In practice, investors and advisors construct portfolios by selecting and allocating across multiple funds, and strong performance from just one active fund could more than compensate for lagging performance by others. Our latest research1 examines how portfolios of active funds stacked up against similarly weighted blends of indices. An analysis of hypothetical multi-asset portfolios of active funds domiciled in the U.S. revealed similar challenges: 96.9% of 60/40 equity/bond portfolios of U.S. active funds would have underperformed the equivalent index blend over 10 years.
How would Australian investors have fared if they selected active Australian funds to build a multi-asset portfolio? To answer this question, we simulate portfolio construction by randomly selecting funds from the four major fund categories2 included in the SPIVA Australia Scorecard (see Exhibit 2). We then assign fixed weights to the four chosen active funds—specifically 30% in the Global Equity General fund, 24% in the Australian Equity General fund, 6% in the Australian Equity Mid- and Small-Cap fund, and 40% in the Australian Bonds fund—to build a hypothetical 60/40 equity/bond portfolio. These weightings were heuristically chosen to reflect the typical home bias among Australian investors, with equal weightings in global equity and domestic equity, while the allocation between domestic general equity and mid- and small-cap equity (at a 4:1 ratio) is based on their benchmark market capitalizations. The same weights are applied to the hypothetical blend of comparison indices, and both the active portfolio and index blend are rebalanced every 12 months.3

In cases where the selected active fund ceased to exist within the span of 10 years—which happened quite often as evidenced by the survivorship rates in Exhibit 2—the benchmark performance was assigned to that fund category from that month forward to the end of the 10-year period.4 We performed 5,000 simulations and their 10-year performance and volatility are shown in Exhibit 3, in comparison to the equivalent index blend.

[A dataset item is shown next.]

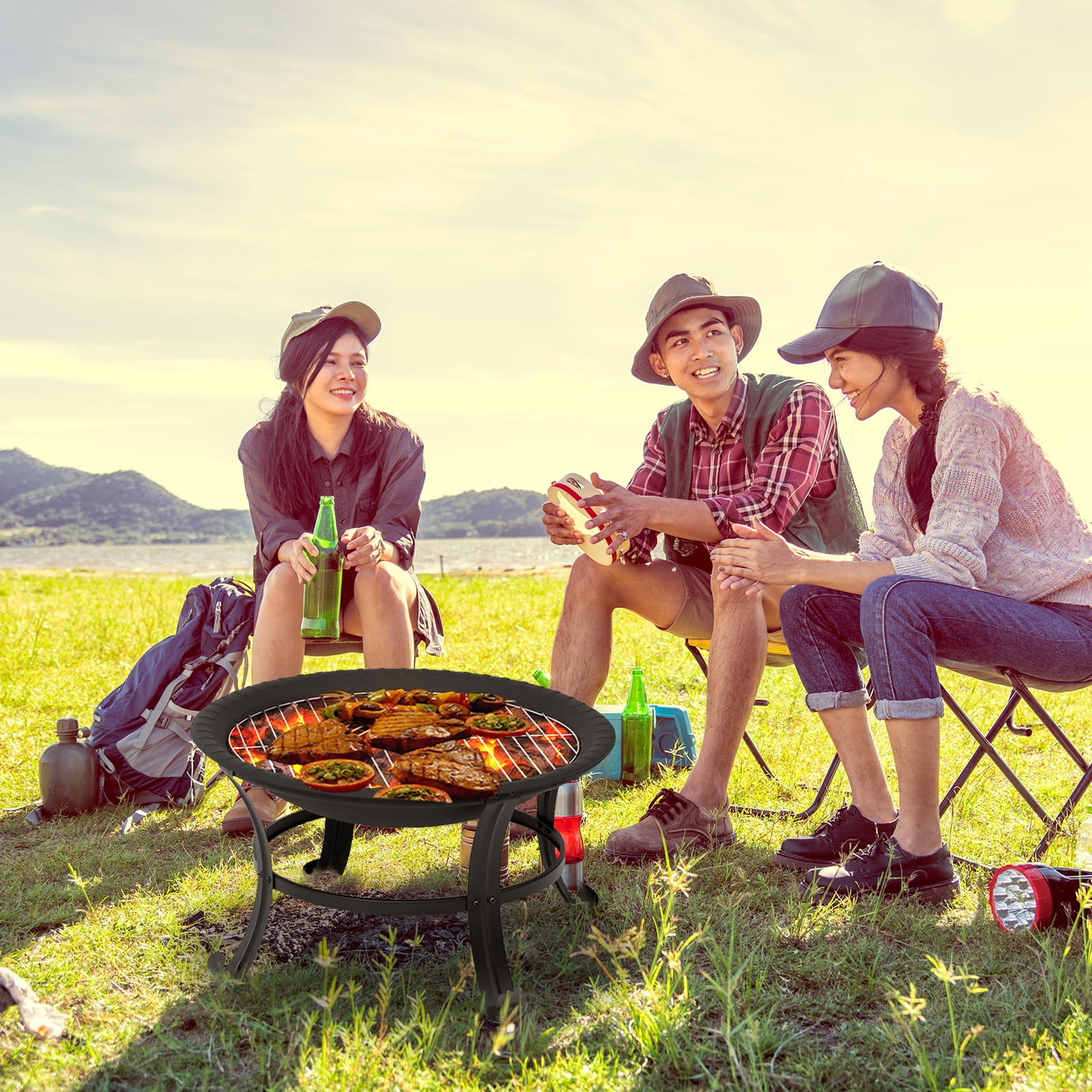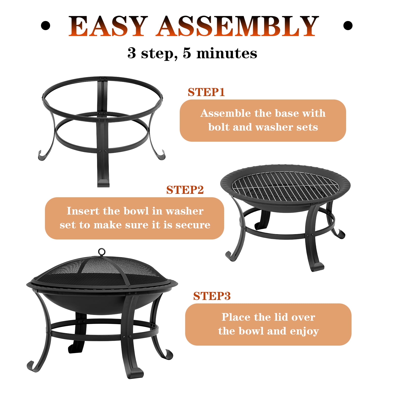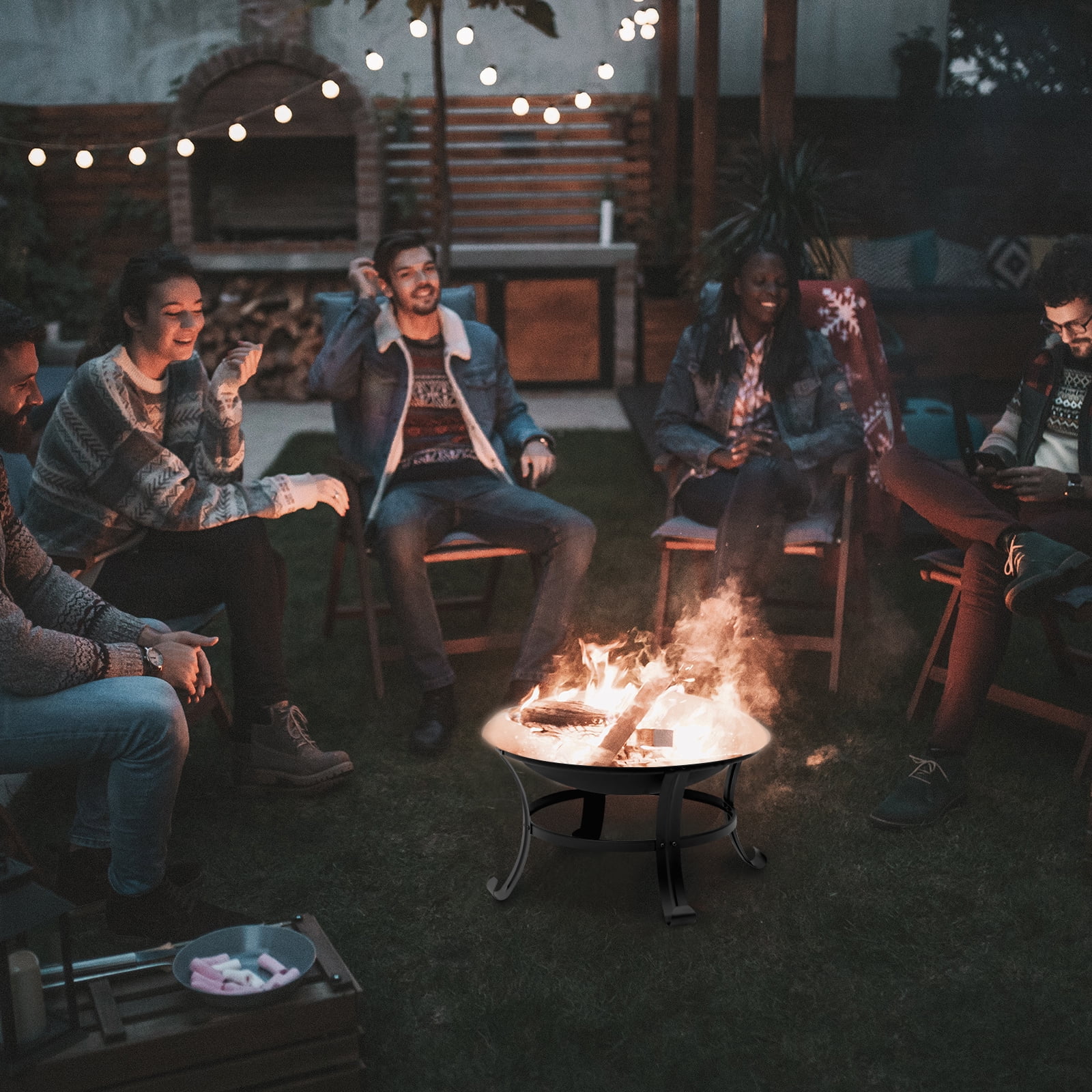 About this item. Multi-Purpose: The fire pit is suitable for multiple uses such as campfire, bonfire, or BBQ on the patio, by the pool, in the backyard, or carry it around with you. It can also be used as a gift for your family and friends to provide them with better services and products. Stable and Durable: The four-legged design makes the fire pit stable and safe, so that the fire pit is not easy to shake during use. This fire pit is made of durable steel with good weather resistance for long-term use. Safe to Use: The spark screen of the fire pit protects you from stray sparks and ashes. There is also a long poker for moving firewood and lifting the lid for safety. When not in use, we recommend storing it indoors. Great Design: Easy to Assemble. Folding design saves space. Compact size and light weight for burning, easy to carry when hiking and camping outdoors. Weather Resistant: This folding fire pit can be used in backyard, garden, camping, picnic and party, suitable for all seasons. Enjoy a cozy campfire with family and friends and create lasting and happy memories. If you have any questions or concerns, please feel free to contact us. Specification: Overall Dimension: D26″ * H20″ Weight:14.5 pounds Material: Steel Fuel Type: Wood Burning Package include: Steel Bowl*1 Fire Poker *1 Wood Grate *1 Mesh Spark Screen *1 Barbecue Net *1 Notice: For Safe Operation, Please Read All Assembly and Operating Instructions Before Use. Keep mesh spark cover on the fire pit while in use. Use a poker when remove the cover. The outdoor fire pit must be completely cooled off and all embers must be extinguished before any cover can be used.

The key observations from this analysis:
- Over the 10-year period, 91.4% of 60/40 portfolios of Australian active funds would have underperformed the equivalent index blend on an absolute return basis. This underperformance rate is lower than that of the Global Equity General category but higher than that of the other three fund categories (see Exhibit 4).
- The average performance (annualized) of active portfolios was 6.94%, well below 7.91% for the index blend.
- The average volatility of active portfolios was 7.51%, similar to 7.50% for the index blend.
- On a risk-adjusted return basis, 98.0% of 60/40 active portfolios would have underperformed the equivalent index blend.
- 8% of active portfolios contained at least one fund that merged or liquidated within the 10-year span.

S&P DJI’s SPIVA Scorecards have provided the Australian community with a data-driven perspective on the prospects for selecting active funds that outperform benchmark performance. This new analysis highlights equally significant challenges for Australian portfolio building. When a majority of active funds underperformed their benchmarks across different asset classes and segments, portfolios comprising these funds also tended to underperform blends of indices, with an even higher probability.
1 Edwards, Tim and Nelesen, Joseph. “Heroes in Haystacks: Index Comparisons for Active Portfolio Performance” S&P Dow Jones Indices. December 2025.
2 Note that the Australian Equity A-REIT category is excluded due to the relatively smaller size of this segment. As of Dec. 31, 2025, index market capitalization was AUD 120,910 billion for the S&P World Index, AUD 2,648 billion for the S&P/ASX 200, AUD 665 billion for the S&P/ASX Mid Small, AUD 1,711 billion for the S&P/ASX iBoxx Australian Fixed Interest 0+ (Legacy) and AUD 173 billion for the S&P/ASX 200 A-REIT.
3 S&P Dow Jones Indices is not a registered investment advisor and does not provide investment or other advice. In this analysis, fund category selection, fund combinations and weightings, are intended to represent broad allocations—not as a suggestion or endorsement of any fund recommendation. Instead, we employ a heuristic approach to approximate the fund allocation process and to estimate the hypothetical performance of a portfolio of Australian active funds compared to similarly weighted blends of indices over the long term.
4 Replacing a liquidated fund with the benchmark performance in the months subsequent to its demise has a positive impact on average active portfolio performance, relative to leaving the subsequent months empty with no return during the examined period.